The moral law has three uses in the governing of humankind (Witte,2008,59) – theologically, civilly and educationally (Institutes,15592,7.6-2.7.12). Theologically it is used by God to condemn all persons in their conscience and compel them to seek God’s liberating grace – moral law warns, informs, convicts and condemns every man of his own unrighteousness (Witte,2007,59-60). Civilly it imposes on sinners a civil righteousness, it compels them to obey the basic duties of the moral law – to fear God, to rest on the Sabbath, to avoid blasphemy, idolatry, and profanity, to obey authorities, to respect their neighbour’s person, property, and relationships, to remain sexually continent, to speak truthfully of themselves and their neighbours (Institutes,1559,4.20.3). Educationally it educates believers to the means and measures of sanctification and spiritual development.

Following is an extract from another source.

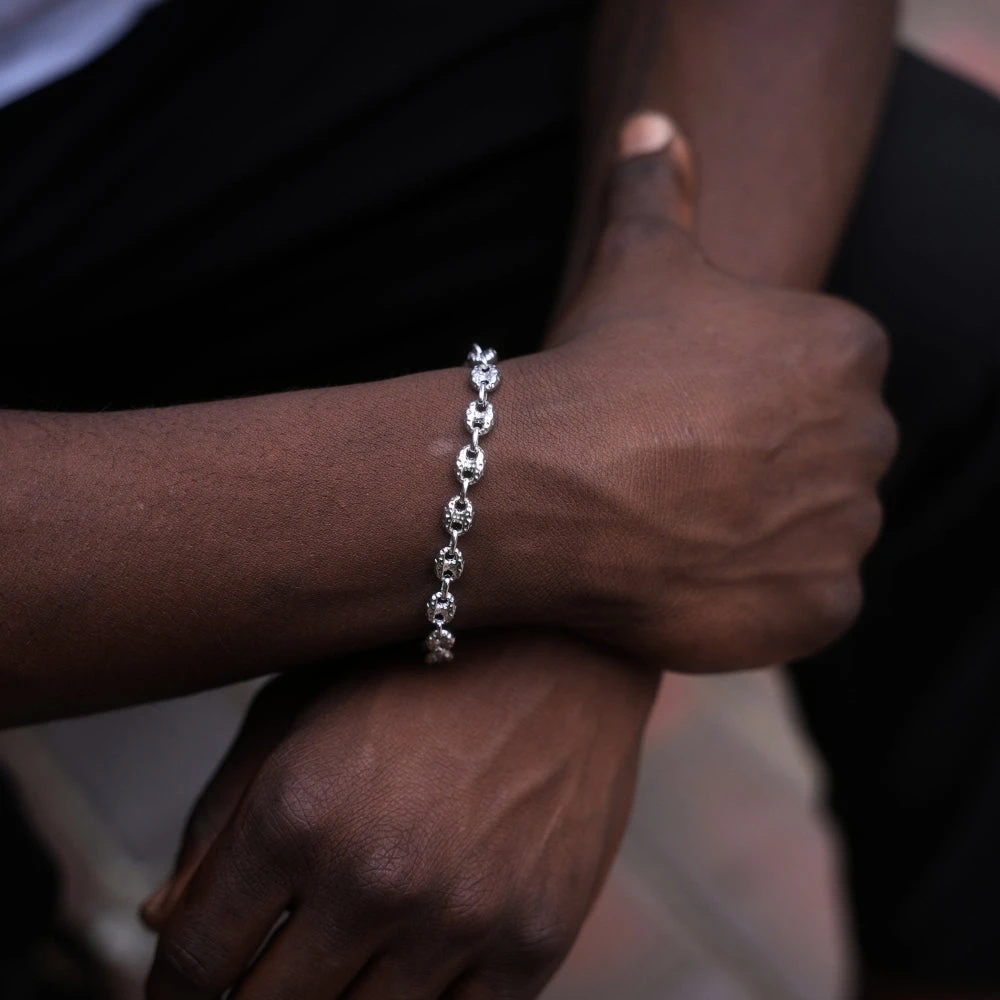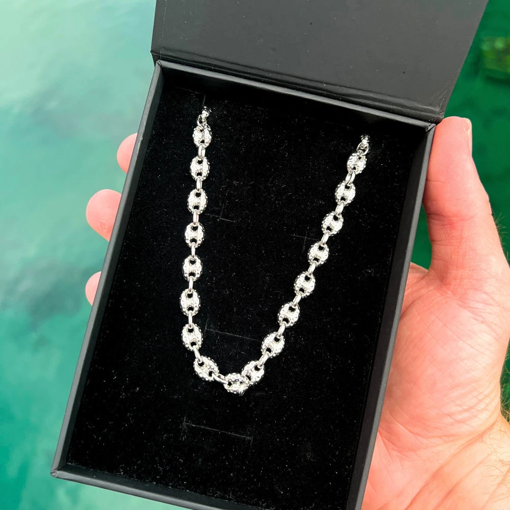 This chain is made from Recycled Stainless Steel (Surgical Grade 316L). This chain will not tarnish, rust or turn your skin green. Safe to wear in water & is more durable than other materials commonly used such as Silver & Gold.
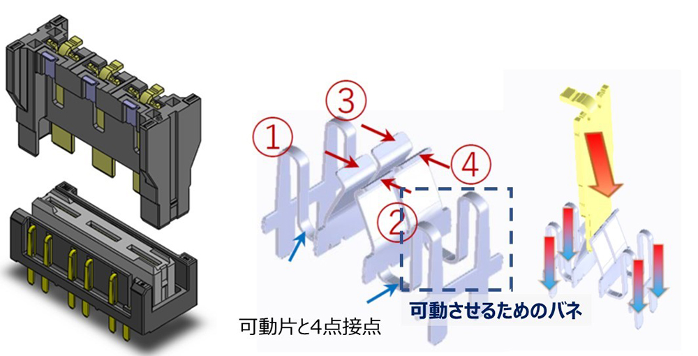 10122B/Sシリーズにおいては可動片を分岐させることでフローティングの動きを妨げずに低抵抗化を実現、加えて4点接点構造で信頼性を向上させた高耐熱(125℃定格)コネクタです。可動が必要な基板間接続におけるパワー伝送用に魅力的な選択肢であるとのご評価をいただき、多くのお客様に採用いただいております。

Moral law not only teaches civil righteousness but also spiritual righteousness. It coerces Christians against violence and violations, cultivates charity and love, punishes harmful acts of murder, theft and fornication, prohibits evil thoughts of hatred, covetousness and lust. Such habits of spiritual righteousness are not restricted to the kingdom of heaven alone. They are to imbue all aspects of the life of the believer – spiritual and temporal, ecclesiastical and political, private and public. “Calvin stressed that Christians must take their faith and conscience directly into the political, public and, and external life of the earthly kingdom, “as ambassadors and stewards of the treasure of salvation, of the covenant of God ---- of the secrets of God.” By doing so they not only allow God’s glory and image to shine in the earthly kingdom, but they also induce its sinful citizens to seek God’s grace.” (Calvin, Sermon Deut. 5:4-7, 22; Institutes , 1559, 2.7.12; 2.8.6; 2.8.51; 3.3.9; 3.6.1; 3.17.5-6; Comm. I Peter 1:14. In: Witte, 2007,61).

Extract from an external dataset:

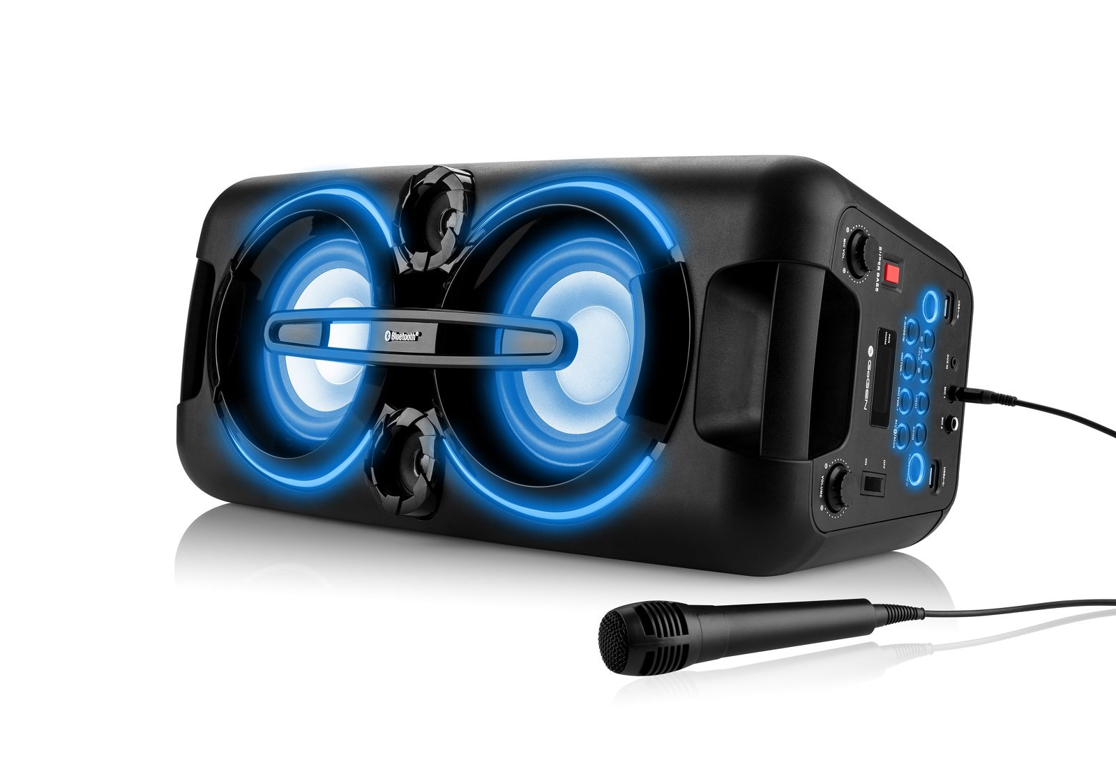 Uwaga na regulację głośności, z mocą wyjściową 2x 30 W podrażnienie sąsiadów naprawdę nie jest problemem. Umie również karaoke, ma dwa wyjścia dla mikrofonów z własną regulacją głośności. Można również dodać funkcję echa (ECHO), którą przede wszystkim kochają dzieci. Jeśli lubisz, "gdy to miga" można urozmaicić muzykę efektami świetlnymi. Ponieważ są to diody LED, baterii nie zużyją prawie w ogóle. |

This expanded theory of the uses of the moral law of human conscience laid important groundwork for the expansion of political liberty and civil rights. Where Calvin earlier argued that God imposed various duties on the political office and that these duties also “constitute” the political liberties of their subjects in the earthly kingdom he now argued that God imposes various duties not just on political officials but on all persons in the earthly kingdom. These include the moral duties set out in the Decalogue to respect the person, property, reputation and relationships of their neighbours. It would be only a short step from this theory of political and civil duties to a theory of subjective civil rights and political freedoms (Witte,2007,61).

(e) The view that God’s moral law governs both the heavenly and the earthly kingdom had far reaching implications for both church and state. Both were now seen as legal entities each with its own forms of organization and order, its own norm’s of discipline and rule. Each called to play a distinct role in the enforcement of Godly government and discipline in the community (Witte,2007,63).

The state is vested, by God, with the temporal power of the sword. The magistrate is the vice-regent of God and must rule with written positive laws rooted in tradition and morality and guided by equity and justice. The citizens have the duty to obey the magistrate up to the limits of Christian conscience (Institutes, 1559, 4.20.3,4,5,6). As to the form of government Calvin stood for aristocracy or a mixture of aristocracy and democracy where a number of people exercise government.” so that they may help one another, teach one another; and if one asserts himself unfairly there may be a number of censors and masters to restrain his wilfulness.” (Institutes,1559, 4.20.8). The purpose of political government is in essence to help God achieve the civil use of moral law i.e. to cultivate civil restraint and civil righteousness in all persons, if necessary through the coercive power of the sword (Institutes,1559,4.20.10). It is the task of civil government “ ---- to prevent idolatry, sacrilege against God’s name, blasphemies against his truth, and other public offences against religion from arising and spreading among people; it prevents the public peace from being disturbed; it provides that each man may keep his property safe and sound; that men may carry on blameless intercourse amongst themselves ; that honesty and modesty may be preserved among men. In short, it provides that a public manifestation of religion may exist among Christians, and that humanity may be maintained among men.” (Institutes,1559,4.20.3). In order to achieve this Calvin writes “ ---- I now commit to civil government the duty of rightly establishing religion, ----- .”(Institutes,1559,4.20.3). Calvin pleads for a civil administration who will prevent the true religion which is contained in God’s law from being openly and with public sacrilege violated and defiled with impunity.”(Institution,1559,4.20.3).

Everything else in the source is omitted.